| EXERCISE INSTRUCTIONS |
Locate, in the data below, the line that contains "报告援引世界银行副行长杰伊拉" and the line that contains "模拟器支持自定义键盘鼠标映射"; reproduce exactly those two lines and every line between them, nothing more.

| MATERIAL PROVIDED |
******
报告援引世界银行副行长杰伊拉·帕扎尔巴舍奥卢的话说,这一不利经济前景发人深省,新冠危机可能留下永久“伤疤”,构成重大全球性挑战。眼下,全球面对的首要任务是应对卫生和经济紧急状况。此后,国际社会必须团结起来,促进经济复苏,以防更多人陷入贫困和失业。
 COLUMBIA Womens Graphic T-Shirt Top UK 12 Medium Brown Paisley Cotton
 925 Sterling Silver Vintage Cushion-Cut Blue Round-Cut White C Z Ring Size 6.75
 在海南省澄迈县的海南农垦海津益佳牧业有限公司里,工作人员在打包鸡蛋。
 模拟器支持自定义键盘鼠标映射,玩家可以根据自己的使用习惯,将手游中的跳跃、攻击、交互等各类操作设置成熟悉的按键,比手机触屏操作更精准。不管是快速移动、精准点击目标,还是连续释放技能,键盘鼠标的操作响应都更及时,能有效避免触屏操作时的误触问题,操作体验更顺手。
******
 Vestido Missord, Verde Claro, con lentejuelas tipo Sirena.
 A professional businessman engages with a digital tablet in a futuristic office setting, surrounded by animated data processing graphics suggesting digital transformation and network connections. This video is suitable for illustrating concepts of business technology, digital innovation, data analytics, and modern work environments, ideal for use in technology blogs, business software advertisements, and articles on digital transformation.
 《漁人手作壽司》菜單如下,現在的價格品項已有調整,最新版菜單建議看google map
******
| ANSWER SPACE |
报告援引世界银行副行长杰伊拉·帕扎尔巴舍奥卢的话说,这一不利经济前景发人深省,新冠危机可能留下永久“伤疤”,构成重大全球性挑战。眼下,全球面对的首要任务是应对卫生和经济紧急状况。此后,国际社会必须团结起来,促进经济复苏,以防更多人陷入贫困和失业。
 COLUMBIA Womens Graphic T-Shirt Top UK 12 Medium Brown Paisley Cotton
 925 Sterling Silver Vintage Cushion-Cut Blue Round-Cut White C Z Ring Size 6.75
 在海南省澄迈县的海南农垦海津益佳牧业有限公司里,工作人员在打包鸡蛋。
 模拟器支持自定义键盘鼠标映射,玩家可以根据自己的使用习惯,将手游中的跳跃、攻击、交互等各类操作设置成熟悉的按键,比手机触屏操作更精准。不管是快速移动、精准点击目标,还是连续释放技能,键盘鼠标的操作响应都更及时,能有效避免触屏操作时的误触问题,操作体验更顺手。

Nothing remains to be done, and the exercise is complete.